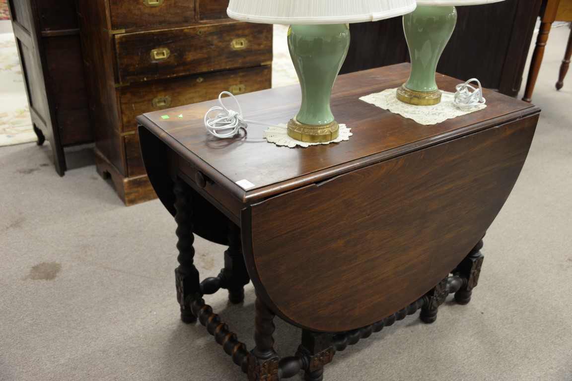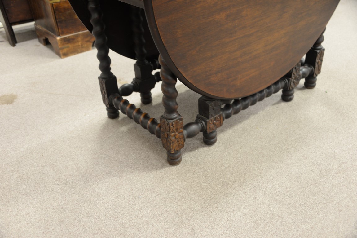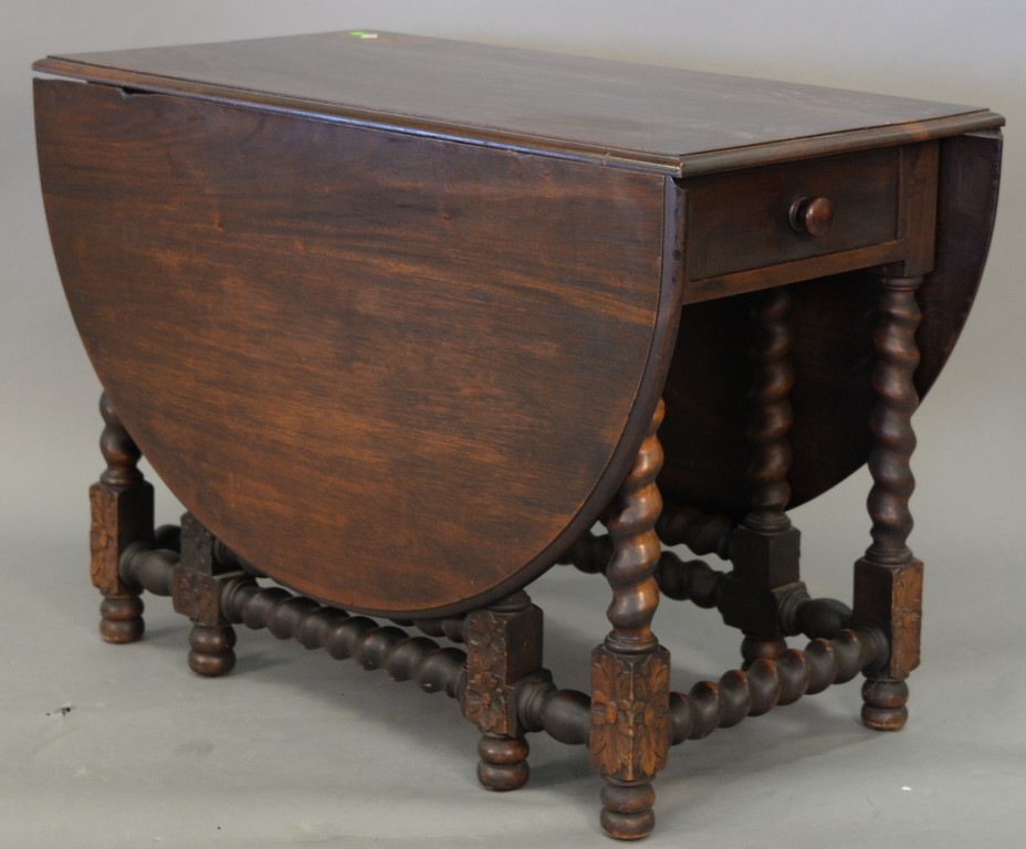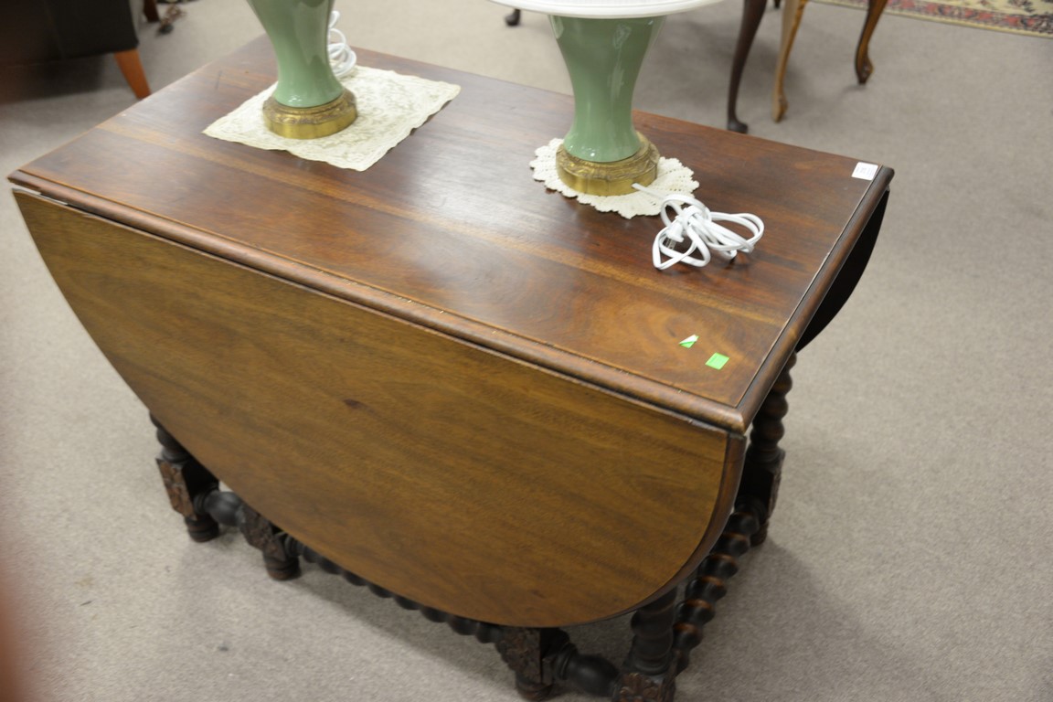 Lot 316: Walnut gate leg drop leaf table with spiral turned legs. top closed: 22 x 42
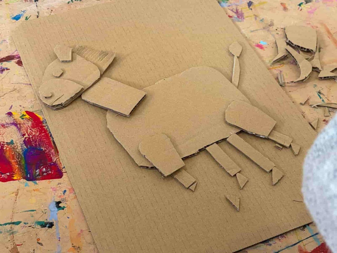 1週目は誰かの暮らしを想像して、おうちのイメージアートを描きました。暮らしているのは誰か、その人は何階建ての家に住んでいるか、誰とどんな生活をしているか…くらしのストーリーを想像して先生たちと言葉で表現しながら描いていきました。アイデアを言葉にすることで自分で整理しつつ、他の生徒さんはそれを聞いてまた新たなアイデアが生まれていきます。2週目・3週目はダンボールハウス制作にチャレンジ。屋根や壁を塗り、家の内装・お庭づくりを通して、暮らしをイメージしました。2週間で合計3時間〜4時間、それよりもっと長く黙々と集中して取り組んでいた生徒さんも!おうちにはテーブルや冷蔵庫、テレビ、それから…と次々つくるものを決めていました。つくるのが難しそうなものでも諦めず模索して作り続けていくこどもたち。ものづくりが好きだからこその継続力と集中力を発揮していました!
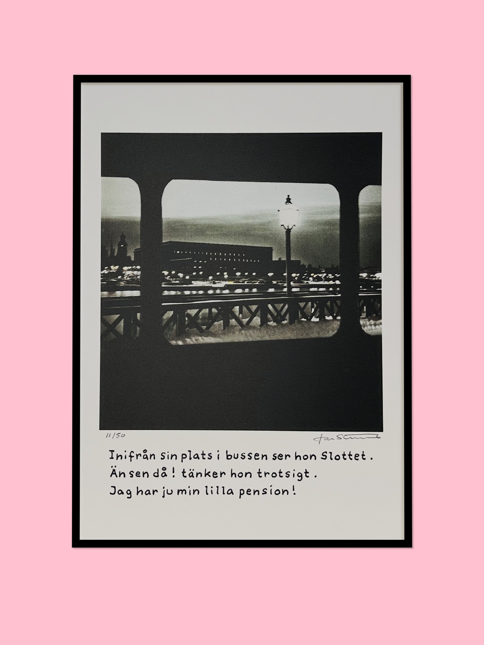 Ett fine art-print tryckt på 400 grams Bockingford-papper. Konstverket har ett pappersmått på 40 x 47 cm och ett motivmått på 29 x 37 cm. Denna upplaga är limiterad till 50 exemplar och varje tryck är signerat och numrerat av konstnären.
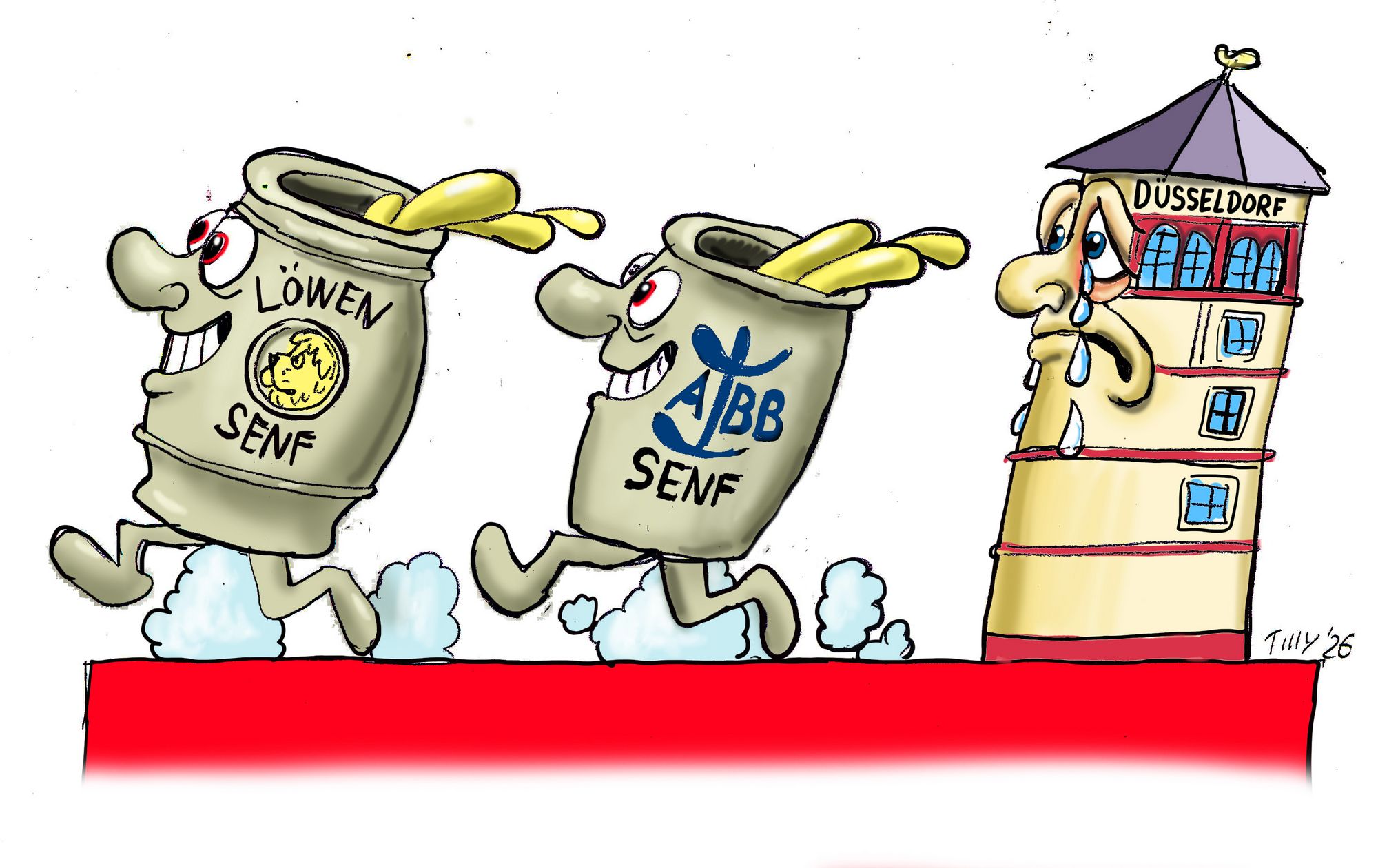 Lokalkolorit: Der Schlossturm weint – eine Düsseldorfer Pointe zwischen Tradition und Veränderung. / Entwürfe: Jacques Tilly / Comitee Düsseldorfer Carneval.
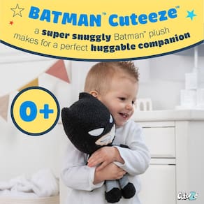 - BATMAN CUTEEZE: O menor super-herói de Gotham está aqui! Este adorável boneco de pelúcia do Batman apresenta detalhes bordados, feijão na barriga e rugas nas pernas, tornando-o perfeito para aconchegos sem fim e diversão na hora de brincar.
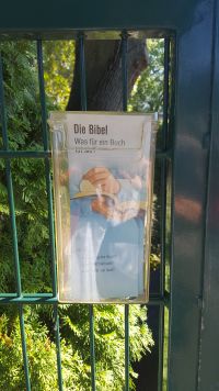 Im Eingangstor des Grundstückszauns kann man sich ein Flyer mitnehmen „Die Bibel. Was für ein Buch ist das?“
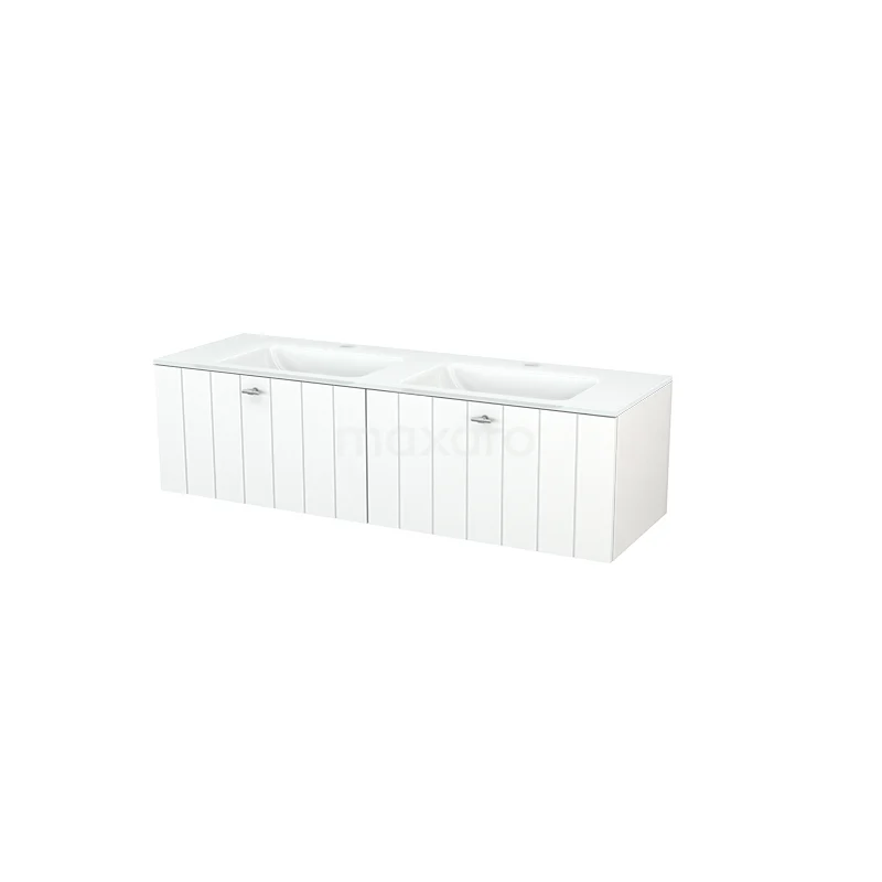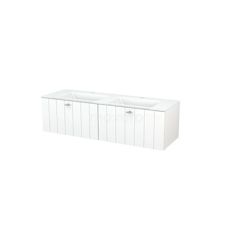 Badmöbel 140cm Modulo+ Matt Weiß 2 Schubladen Lamellenwaschbecken Glas

:::

### DIRECTIONS
Your task is to set down the records shown above exactly, minus any pictures.

### SOLUTION TO THIS EXERCISE
 Lot 316: Walnut gate leg drop leaf table with spiral turned legs. top closed: 22 x 42
 1週目は誰かの暮らしを想像して、おうちのイメージアートを描きました。暮らしているのは誰か、その人は何階建ての家に住んでいるか、誰とどんな生活をしているか…くらしのストーリーを想像して先生たちと言葉で表現しながら描いていきました。アイデアを言葉にすることで自分で整理しつつ、他の生徒さんはそれを聞いてまた新たなアイデアが生まれていきます。2週目・3週目はダンボールハウス制作にチャレンジ。屋根や壁を塗り、家の内装・お庭づくりを通して、暮らしをイメージしました。2週間で合計3時間〜4時間、それよりもっと長く黙々と集中して取り組んでいた生徒さんも!おうちにはテーブルや冷蔵庫、テレビ、それから…と次々つくるものを決めていました。つくるのが難しそうなものでも諦めず模索して作り続けていくこどもたち。ものづくりが好きだからこその継続力と集中力を発揮していました!
 Ett fine art-print tryckt på 400 grams Bockingford-papper. Konstverket har ett pappersmått på 40 x 47 cm och ett motivmått på 29 x 37 cm. Denna upplaga är limiterad till 50 exemplar och varje tryck är signerat och numrerat av konstnären.
 Lokalkolorit: Der Schlossturm weint – eine Düsseldorfer Pointe zwischen Tradition und Veränderung. / Entwürfe: Jacques Tilly / Comitee Düsseldorfer Carneval.
 - BATMAN CUTEEZE: O menor super-herói de Gotham está aqui! Este adorável boneco de pelúcia do Batman apresenta detalhes bordados, feijão na barriga e rugas nas pernas, tornando-o perfeito para aconchegos sem fim e diversão na hora de brincar.
 Im Eingangstor des Grundstückszauns kann man sich ein Flyer mitnehmen „Die Bibel. Was für ein Buch ist das?“
 Badmöbel 140cm Modulo+ Matt Weiß 2 Schubladen Lamellenwaschbecken Glas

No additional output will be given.